Le concerto l’Empereur est le plus exigeant de Beethoven, celui qu’il n’a pas pu jouer, mais qui demande tant sur tous les plans. La question de l’entente du pianiste et du chef ne se pose pas, les moments de grande fusion sont très réussis et l’écoute mutuelle va de soi. Pourtant ce concerto nous convainc moins avec un chef-pianiste. En effet l’attention de l’écoute se porte sur les éléments de phrasé qui ne sont pas poussés à fond quand la phrase orchestrale et pianistique et inversement se complètent ou se superposent. C‘est peu de choses mais mérite d’être signalé.
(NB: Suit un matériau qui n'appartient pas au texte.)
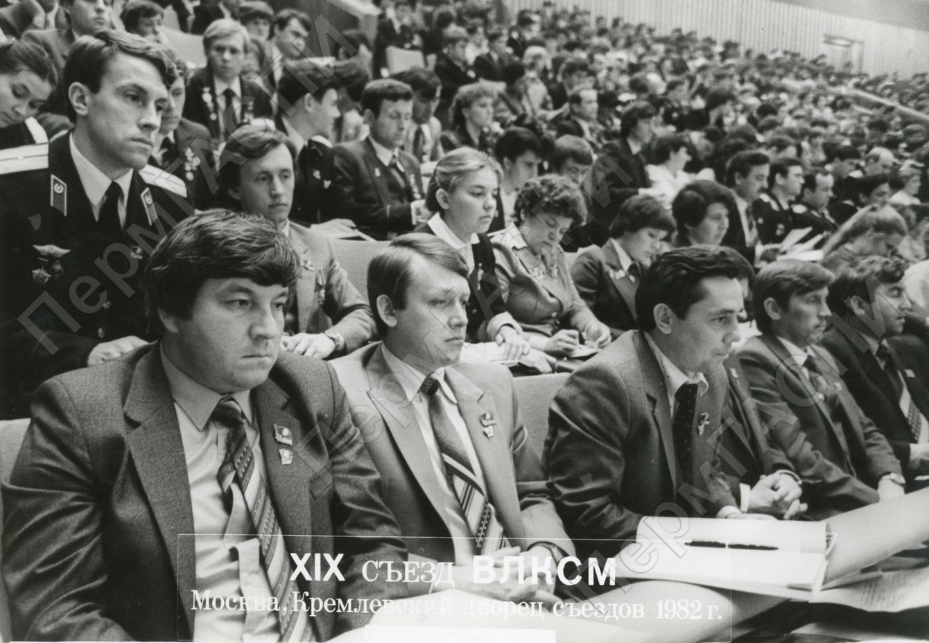 Пермская делегация на XIX съезде ВЛКСМ. 2-й слева в 1-м ряду I секретарь Пермского ГК ВЛКСМ Петенко
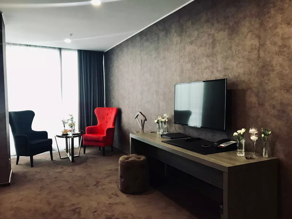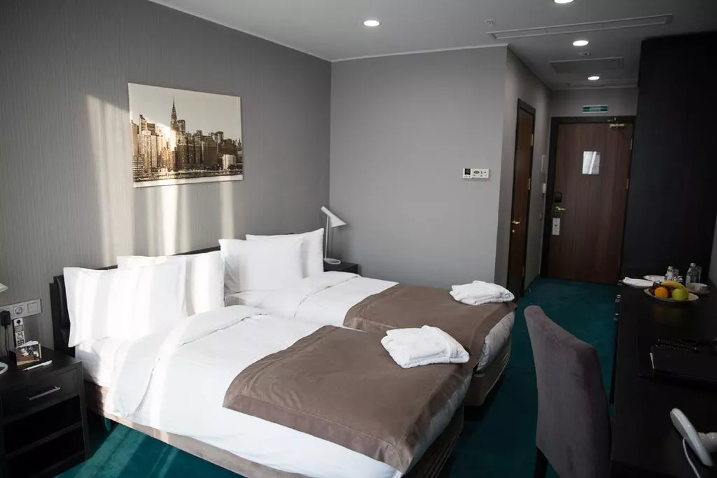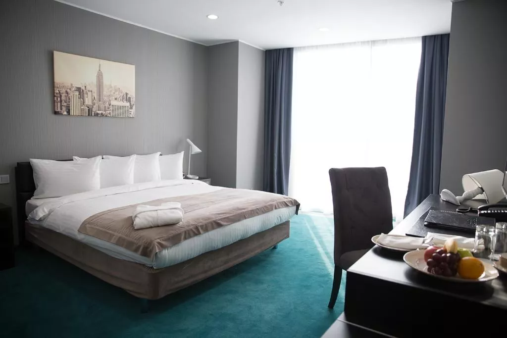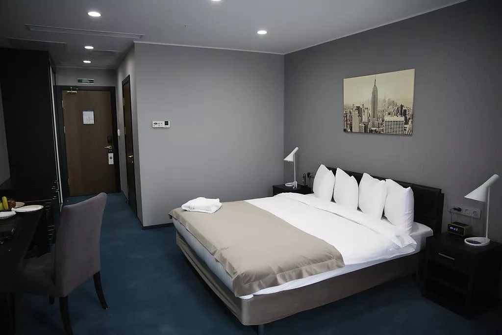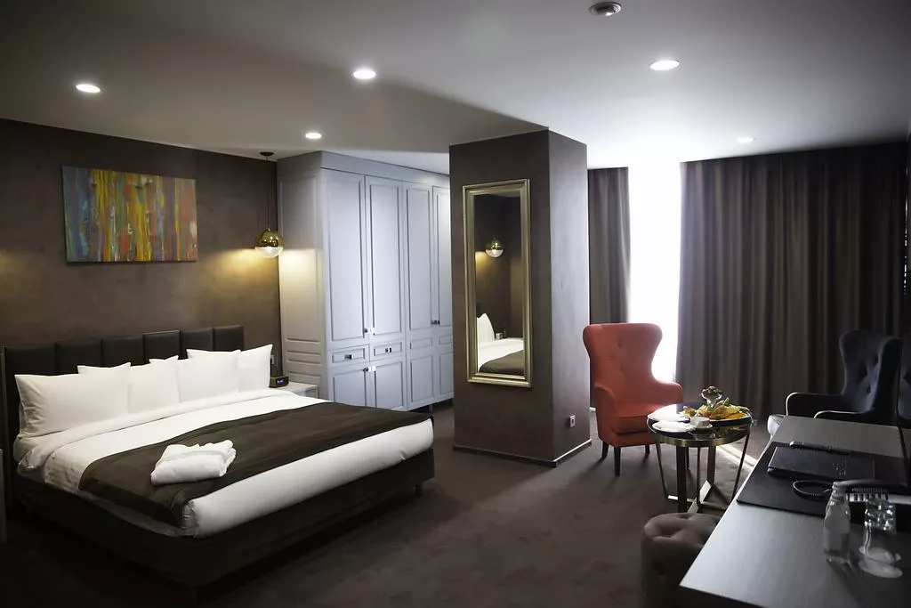 Гармонично спланированное помещение каждого номера "Делюкс" включает в себя комфортабельную двухместную кровать, плазменный телевизор 43 дюйма, стол, тем самым обеспечивая комфортное пребывание в бутик-отеле. Максимальную тишину в номерах обеспечивает качественная звукоизоляция.

Tout ceci n’a pas entaché l’immense privilège que nous a offert Lars Vogt musicien complet, sorte de démiurge, capable de gérer sa partie de piano parfaitement, la relance de l’orchestre et ses tournes de page sur sa tablette. La performance laisse sans voix et Vogt est irrigué de musique, la partage avec la même énergie au piano comme en dirigeant. La version chef-pianiste est très intéressante et ce soir tout à fait enthousiasmante, mais ne saurait supplanter celle avec deux entités distinctes. En tout cas il faut un musicien d’une trempe exceptionnelle et ce soir Las Vogt a été l’homme de la situation avec brio. Cette nuit des concertos restera dans les mémoires comme incroyablement riche et stimulant. « 3 concertos sinon rien ! ».
Le bis si réconfortant annoncé par le démiurge Vogt : Bonne nuit de Janacek… ne pouvait mieux être choisi ni interprété!
Il n’y a qu’à La Roque que de tels défis sont possibles avec ce panache et cette bonne humeur.
Merci à la pluie ! Mais surtout a Lars Vogt et son extraordinaire orchestre de Sage Gateshead.
Compte rendu concert. 38 iéme festival de la Roque d’Anthéron ; Le 10 Aout 2018. Wolfgang Amadéus Mozart (1756-1791) : Symphonie n°40 en sol mineur K.550 ; Robert Schumann (1810-1856) : Concerto pour piano en la mineur Op.54 ; Ludwig Van Beethoven ( 1770-1827) : Concerto pour piano et orchestre n°3 en ut mineur Op.37 ; Concerto pour piano et orchestre n°5 en mi bémol majeur Op.73 « L’Empereur » ; François –Frédéric Guy , piano ( Schumann) ; Lars Vogt, piano ( Beethoven) ; Royal Northern Sinfonia ; Direction : Lars Vogt.